Alors oui, ils ont vieillit, et certains passages sentent un peu le réchauffé mais c'était tellement tentant de retrouver le piquant et la mauvaise foi d'
Edward Abbey, plus irrévérencieux que jamais, que j'ai foncé tête baissée.
Seulement voilà, le gang n'est plus vraiment le même et l'époque a bien changé…
Face à un Goliath toujours plus gros, notre petit David aussi a grandit, devenu un ado boutonneux et vulgaire, au vocabulaire fleuri et à l'attitude désabusée.
Car il en rajoute des tonnes notre écrivain du désert, sans retenue, toujours plus provocateur. Il nous avait habitué à plus de subtilité, comme s'il savait qu'il tenait là son dernier livre, un dernier combat, ultime coup de gueule face à l'inéluctable. Autant y aller franco !
Mais ce dernier combat est un combat perdu d'avance, donnant à l'ensemble une saveur douce-amère, entre cynisme et nostalgie, un peu triste en fait.
Je ne vais pas dire que je n'ai pas ri du tout, il y a des passages vraiment marrants (J'ai adoré le chapitre du rassemblement d'Earth First ! sorte de fête de l'Huma hippie où des militants écolo-gauchistes-féministes-idéalistes-nudistes déambulent parmis les différents stands, fabrication de saucisses végétales, lecture du pouvoir cosmique des cristaux, tressage de fleurs ou propagande anarchiste, et tentent de créer une coalition écolo; vraiment excellent)

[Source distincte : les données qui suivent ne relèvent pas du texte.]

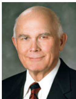
Ouderling Dallin H. Oaks van het Quorum der Twaalf Apostelen
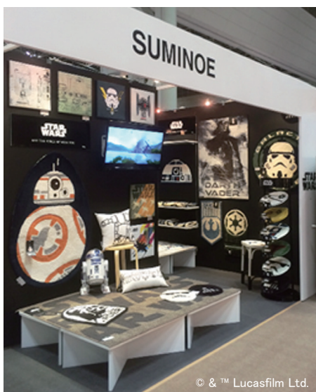
新作「スター・ウォーズ」(2015年12月発売)

今回スミノエブースでは、昨年12月に新発売の「スター・ウォーズ」をメインに、「デザインライフ edition.9」や「コルネ」を展示いたしました。

Mais l'ensemble manque quand même furieusement de classe. On a peine à reconnaître un Abbey admiré pour la poésie de son écriture et sa finesse d'esprit (malgré une mauvaise foi légendaire, qui, elle, n'a pas bougé).

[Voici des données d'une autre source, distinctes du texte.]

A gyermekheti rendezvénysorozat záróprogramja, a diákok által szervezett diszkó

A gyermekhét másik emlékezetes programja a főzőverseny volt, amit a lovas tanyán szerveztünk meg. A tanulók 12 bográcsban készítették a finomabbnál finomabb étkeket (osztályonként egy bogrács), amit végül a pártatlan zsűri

J'ai eu l'impression de manger une de ces copies de biscuits de grande marque qu'on trouve en magasin discount, vous savez, les « Popitos », ça a l'aspect du vrai, presque le même goût, mais en trop sucré, trop bourratif, trop écoeurant.
C'est too much et ça me rend tellement chagrin !
Adieu chers amis du gang, amoureux du désert et des cannettes de bière. Je vous ai aimé (beaucoup), mais je vous quitte. Ce fut pour moi le combat de trop.